Я, конечно же, тянула время, но Тамарка мгновенно раскусила меня и рявкнула:
— Мама, иди ты в задницу! Я уезжаю, а ты сиди там, в своей комнате на своем диванчике!
— Тома! Не делай этого! — забыв о всякой осторожности, закричала я, но меня уже никто не слушал.
И она уехала.
Бросила меня. Оставила сиротливо сидеть на гургеновском диванчике.
Я немного пострадала, а потом набрала Тамаркин номер. Она ответила уже из своего офиса: злорадно сообщила, что Гургенов душка, а я идиотка и бросила трубку. Мне стало грустно, но что я могла поделать? Так на диванчике и сидела. Потом я на него прилегла, а потом и заснула…
Я видела Саньку. Мой сын в шафрановых одеждах сидел на полу, на белом ковре и играл шафрановыми шариками. Я с умилением смотрела на его босые ножки, на маленькие розовые пяточки, которые ужасно хотелось поцеловать.
— Санечка, — позвала я, — сынок!
Он поднял на меня свои чистые ясные глазки и сказал:
— Мамуля, я санньяси.
Меня словно током прошибло. Что?! Что угодно, только не это!
Я разрыдалась.
— Санька! Санечка! Сынок! — кричала я. — Одумайся! Не хорони себя заживо! У тебя жизнь впереди! Ты столько еще не познал!

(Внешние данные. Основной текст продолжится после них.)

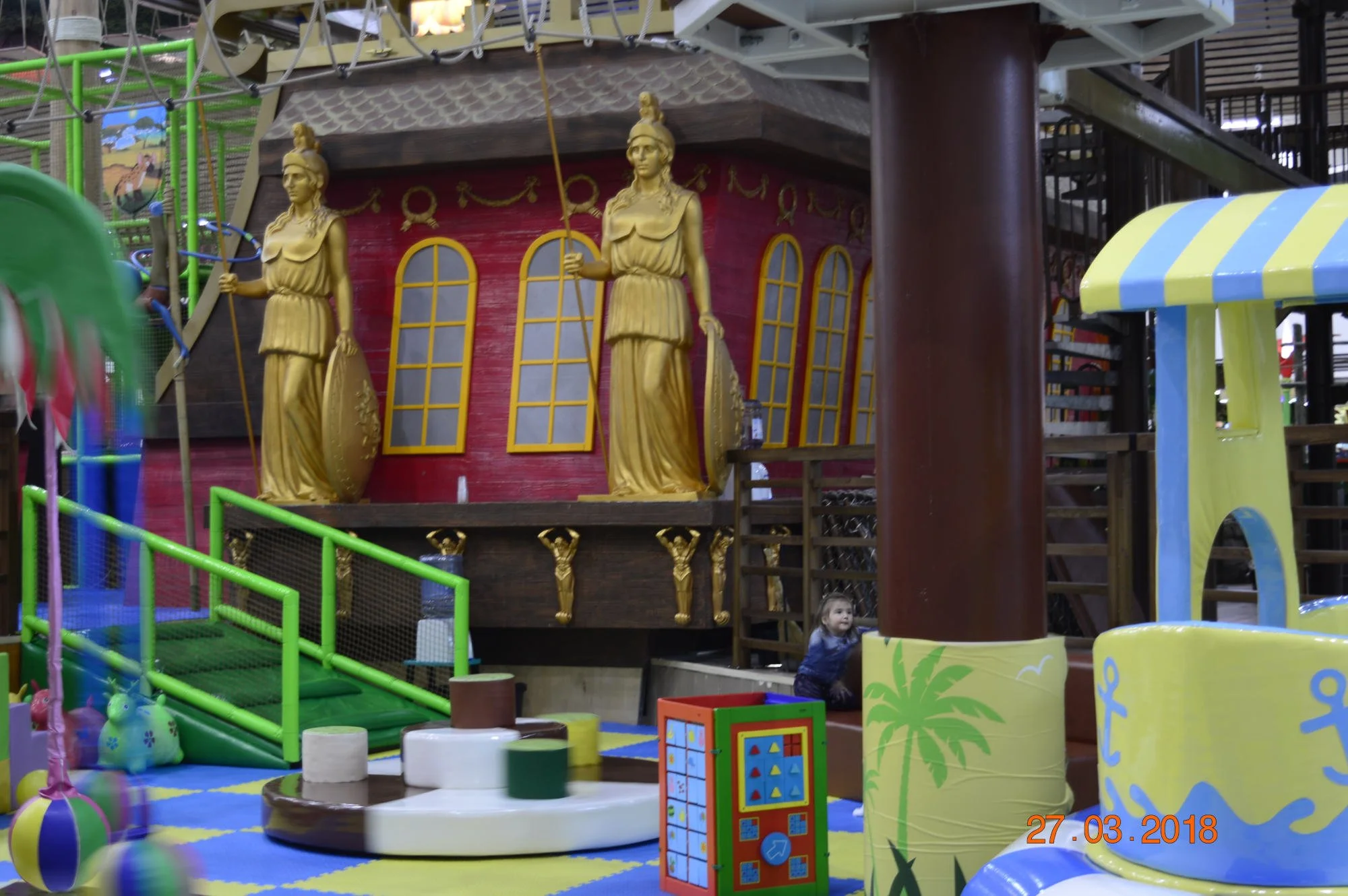 Zbliżenie na strefę zabaw stylizowaną na okręt piracki. Zdjęcie ukazuje dbałość o detale, które budują niepowtarzalną atmosferę w obiektach komercyjnych (sale zabaw, centra handlowe).
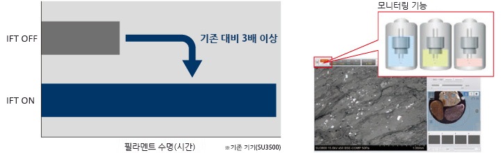 - 필라멘트의 상태를 자동으로 감시・제어해 필라멘트의 사용 연한 증가를 실현.
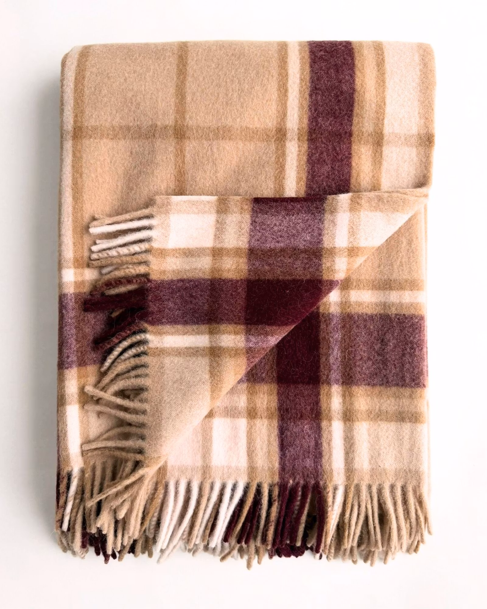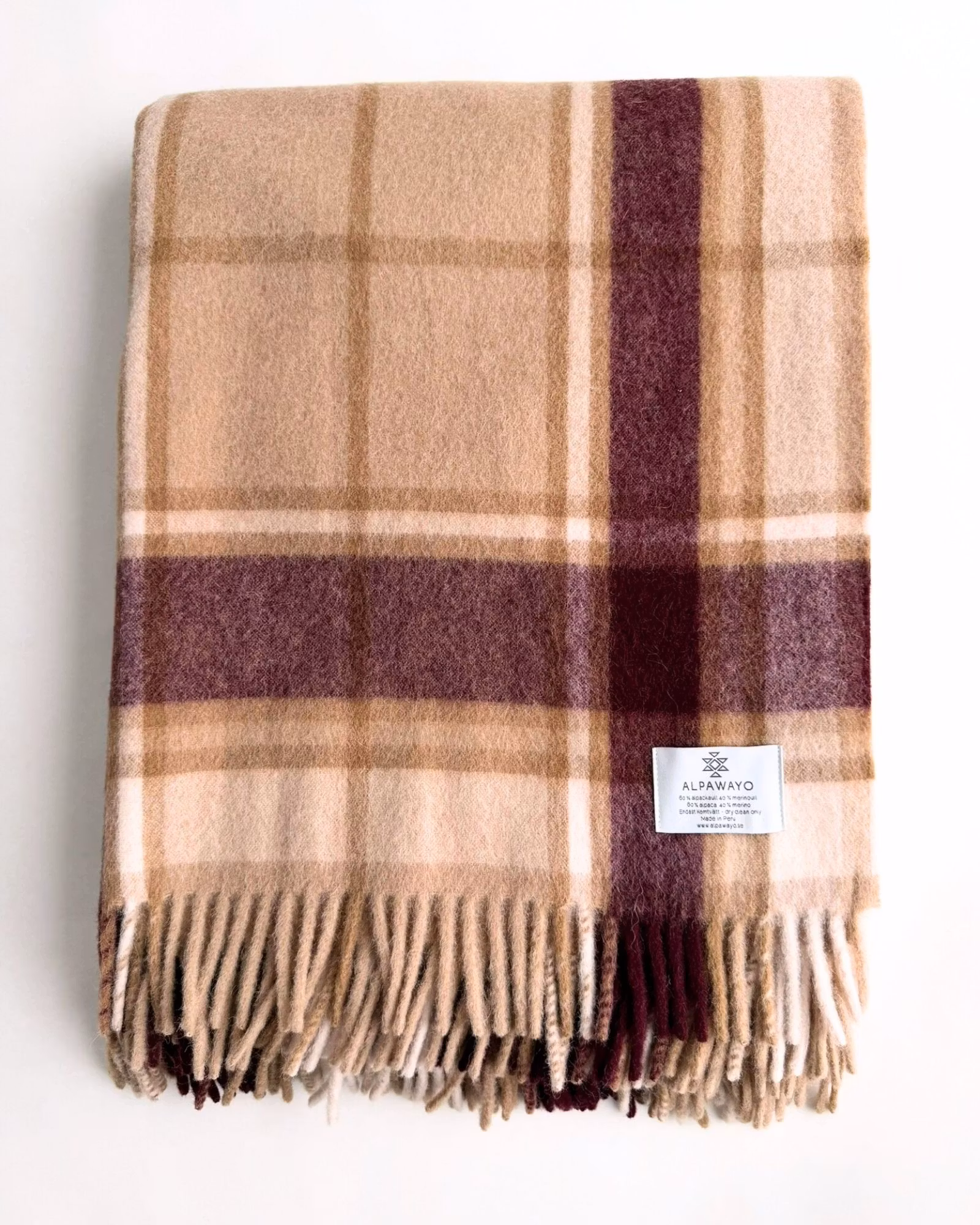 Klassisk alpackafilt i 60% baby alpaca och 40% merinoull. TIYU har sofistikerat rutmönster i kamel och vinrött med tät, varm struktur.
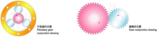 呈360度均佈衝擊負荷,可降低齒輪之磨擦更使齒輪無斷裂之虞。行星齒輪採浮遊式運動,期間隙相當密合,
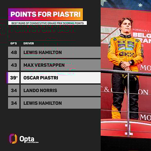 Piastri's career points haul now stands at 655 following his win at Spa. If he scores at least four points in Hungary, he will surpass Rubens Barrichello (658) as the 19th highest-scoring driver in the history of the competition.
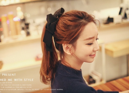 如果懶的編髮,直接綁個俐落的馬尾,加上突出的日系或韓系髮飾、蝴蝶結,其實可愛到炸!!!(如果怕髮飾滑落,裡面可以事先綁個細長的橡皮筋)
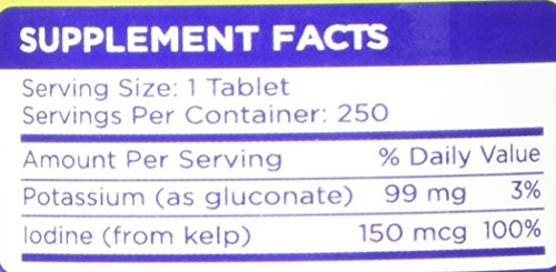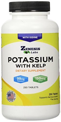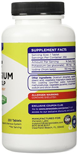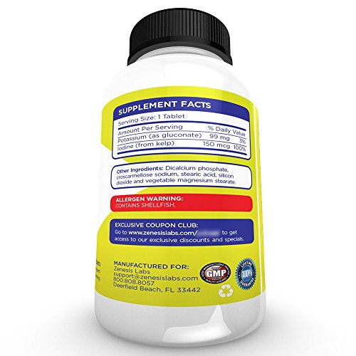 -. Binding : Health and Beauty -. Brand : Zenesis Labs -. EAN : 0634041896928 -. Feature : STOP LEG CRAMPS - Keep the Charlie Horses and cramps away with our high quality Potassium supplement. / SLEEP SOUNDLY AT NIGHT - Calm down the cramps and muscles, and find peace when you sleep. / BLOOD PRESSURE SUPPORT - Helps control blood pressure by balancing the effects of sodium. / WITH IODINE - 100% of RDV from iodine-rich kelp to maintain healthy thyroid function. / 110% LIFETIME GUARANTEE - You won't find a better guarantee anywhere else. Our guarantee is simple: you are protected FOR LIFE. If for any reason or no reason whatsoever you are dissatisfied with this product, let us know and we will give you 100% of your purchase price back no questions asked. Furthermore, we'll even donate 10% to charity. Yes: we believe in our product so much that we can offer you this insane guarantee. -. Label : Zenesis Labs -. Manufacturer : Zenesis Labs -. ProductGroup : Health and Beauty -. ProductTypeName : HEALTH_PERSONAL_CARE -. Publisher : Zenesis Labs -. Studio : Zenesis Labs -. Title : Potassium Gluconate with Iodine Kelp - 250 Tablets - 99mg Per Tablet with 150mcg of Iodine - Blood Pressure Support Supplement - Leg & Muscle Cramp Relief -. UPC : 634041896928
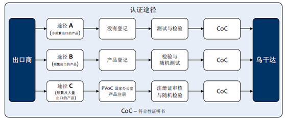 4.該PVoC符合性認證計劃提供三種認證途徑,出口商可以根據其類型和發貨頻率選擇出口管制產品到烏干達的認證方式。
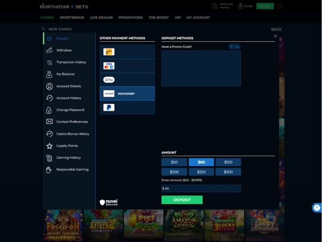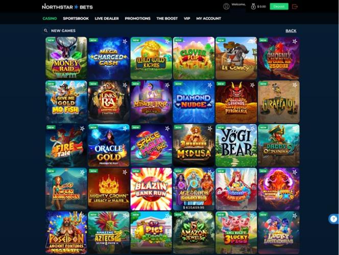 NorthStar Bets Casino 提供針對所有可用設備(行動裝置和桌上型電腦)優化的遊戲,這些遊戲分為以下幾個部分:真人荷官部分的真人二十一點、真人輪盤賭、真人百家樂和遊戲節目,以及賭場類別的高級老虎機、老虎機、累積獎金、桌面遊戲和所有遊戲。
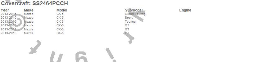 Below is an abbreviated list of applications for the SeatSaver Custom Seat Cover.CX-5, Mazda, 2015, 2014, 2013
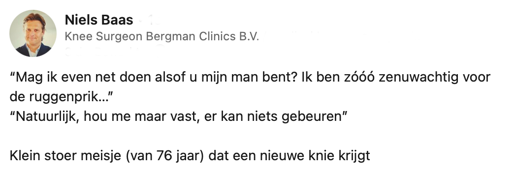 Wanneer je geopereerd moet worden, is dat altijd spannend. Dan is het extra fijn als de betrokken zorgmedewerkers je een hart onder de riem steken. Chirurg Niels deelt een bijzonder moment uit de operatiekamer en laat zien hoe iets kleins het verschil kan maken.
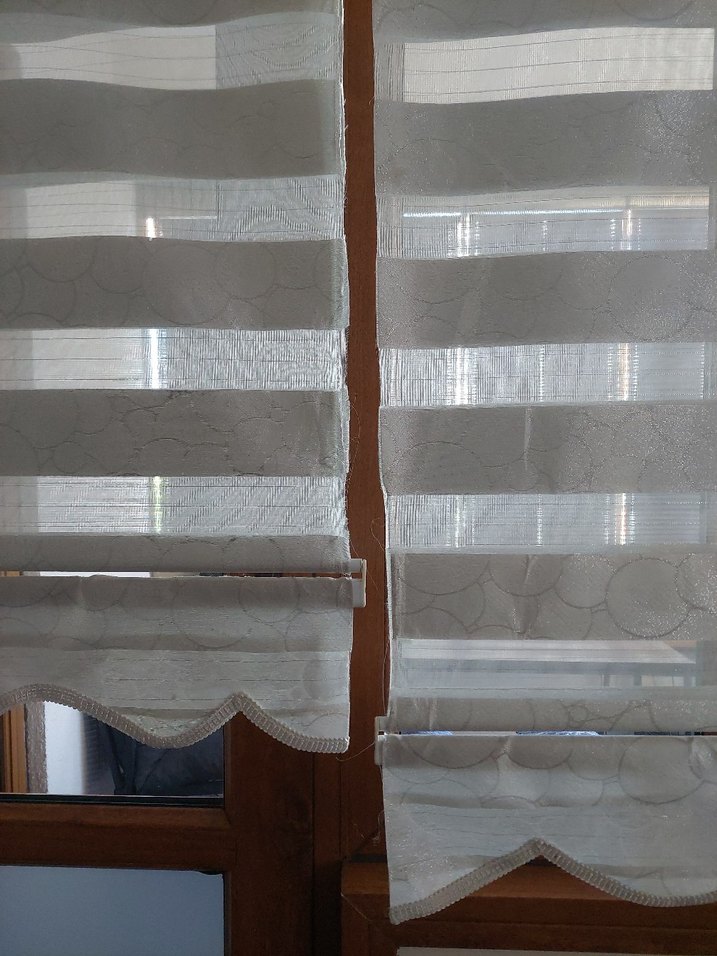 Geleneksel tarzda, düz desensiz beyaz ve gri tonlarda, dalgalı kenarlara sahip perdeler. kirli yıkanması lazım
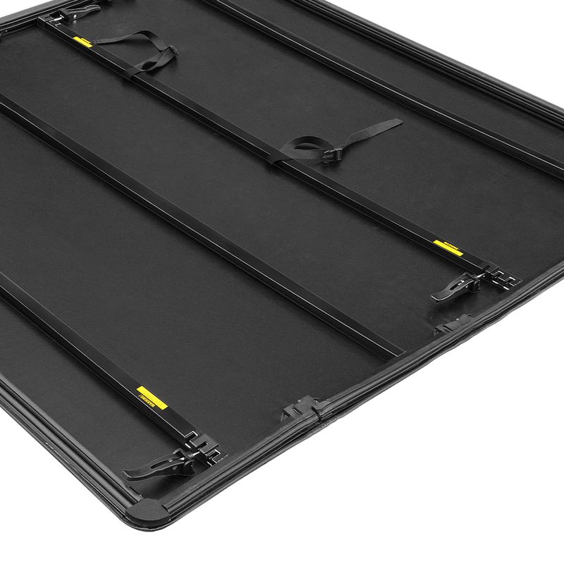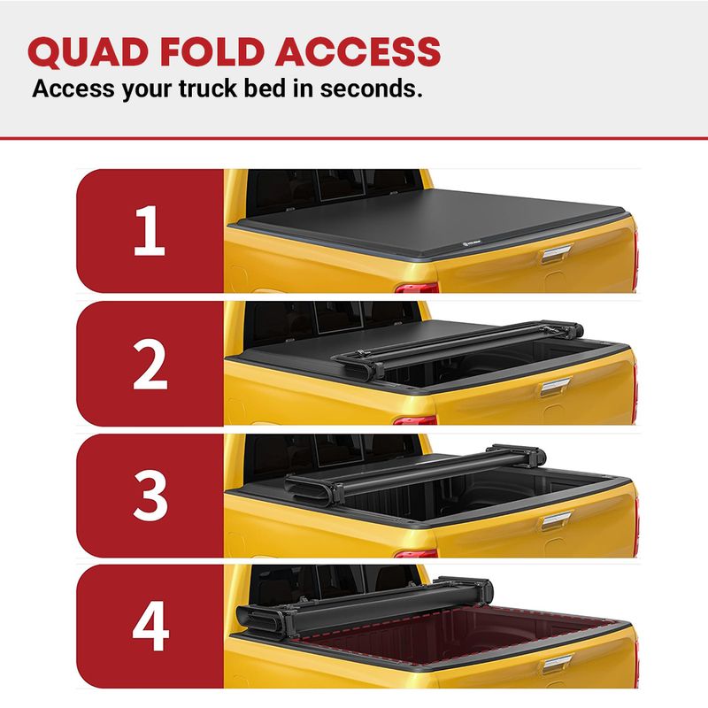 Why Quad Fold: More access room when folded up, more durable with one more cross bar and two more firm clamps than trifold cover.
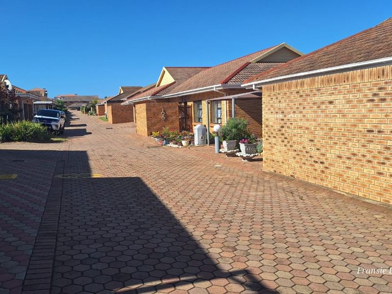 Relaxed coastal living in Hartenzicht Security Complex, Hartenbos — minutes from ATKV and the waterfront. Single-level townhouse with enclosed braai room, manicured communal gardens, two bedrooms and double parking.
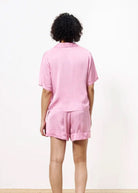 The FRNCH Chelly blouse in a gorgeous drapey satin fabric brings colour and vibrancy to your wardrobe. In a boxy shape with short sleeves, collar revere, flattering v neck and contrast ivory buttons. Perfect for pairing back with light bottoms for a spring or summery style. 100% Viscose
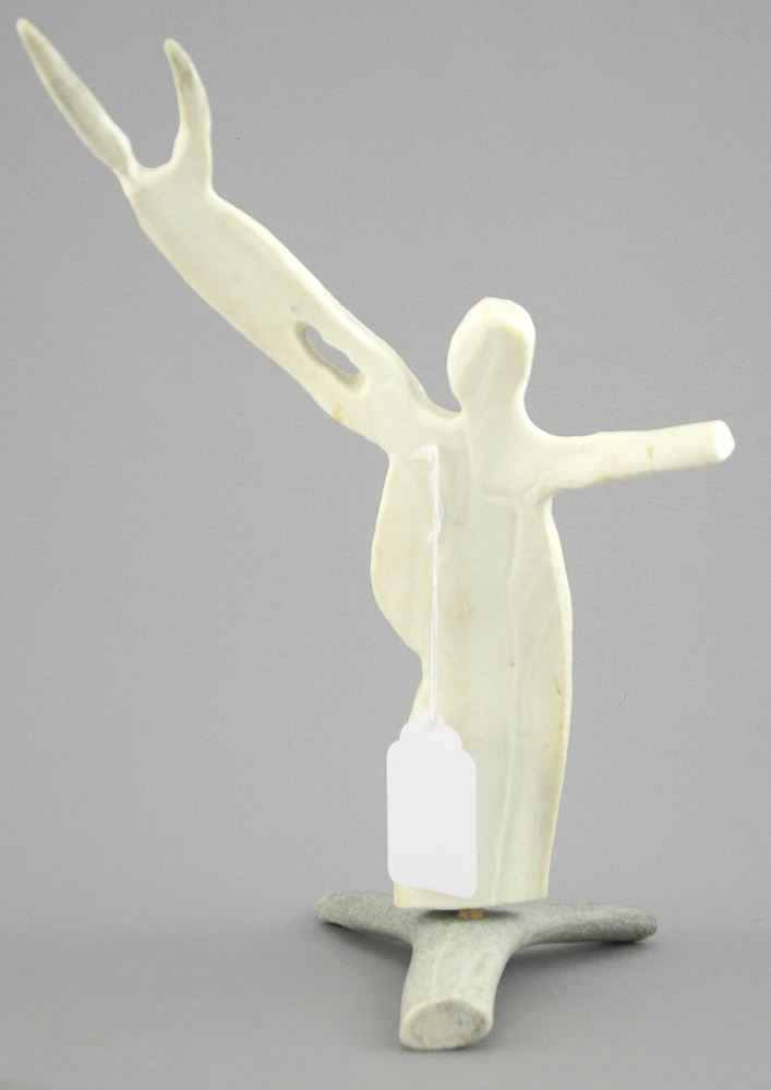 Unsigned Inuit Antler Sculpture, "Man Summoning Spirit", 9 3/4 x 6 x 5".

— Познал, мамуля, истину познал, — ответил он, глядя на меня просветленно.
«Сгубили ребенка! — подумала я. — Совсем младенцу голову задурили!»
— Нет, — отчаянно принялась уговаривать я, — нет, сыночек, не надо в санньяси, ты вырастешь и будешь наслаждаться всем, что только есть на этом свете. У тебя будут женщины, деньги! У тебя будет все!
— Мамочка, у меня уже есть все, что душе моей необходимо. Я уже наслаждаюсь, и наслаждение это не кончится никогда. И ни деньги, ни женщины такого наслаждения не принесут.
— Сынок, — заламывая руки, закричала я, — откуда ты знаешь? Ты еще маленький, ты не понимаешь даже, чего лишаешь себя. Ты лишаешь себя любви! Ты никогда уже, никогда не будешь любить!
— Я маленький, — кротко ответил Санька, — но я познал истину и понимаю о чем ты говоришь. Я буду любить, я уже люблю, потому что любить и наслаждаться хочет моя душа, и она создана для этого.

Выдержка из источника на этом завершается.